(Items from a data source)
......

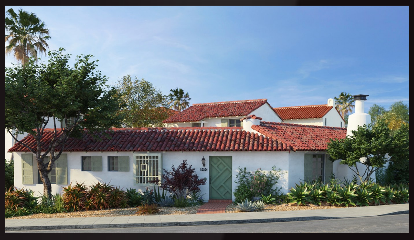
scene 02 render

Have you ever wanted to make professional exterior renderings? Do you know how to use VRaySun, VRaySky and VRayPhisicalCamera? Have you ever had problems with composition? Archexteriors will end all your problems. Take a look at this 10 fully textured scenes with professional shaders and lighting ready to render. Get your own portfolio and join cg market.
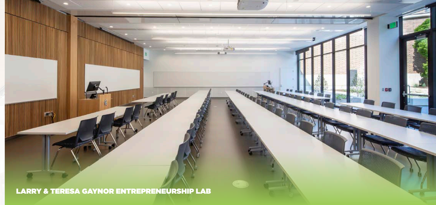
LARRY & TERESA GAYNOR ENTREPRENEURSHIP LAB
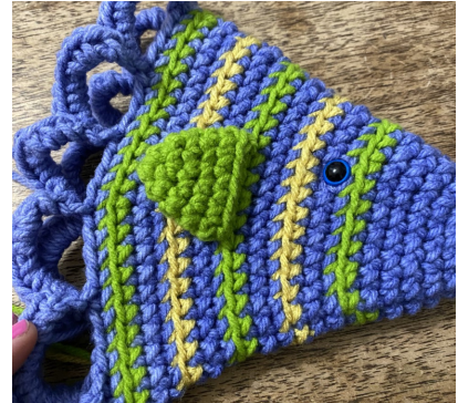
Side Fin Placement

Rnd 4: *SC in next 2 ST, 2 SC in next ST.** Repeat from * to ** around. (12)

......

▶ **Required action**
Exactly the lines from the one containing "LARRY & TERESA GAYNOR ENTREPRENEURSHIP LAB" to the final line of the entries are wanted; please write them out, both ends included, but not the pictures.

▶ **Completed exercise**
LARRY & TERESA GAYNOR ENTREPRENEURSHIP LAB
Side Fin Placement

Rnd 4: *SC in next 2 ST, 2 SC in next ST.** Repeat from * to ** around. (12)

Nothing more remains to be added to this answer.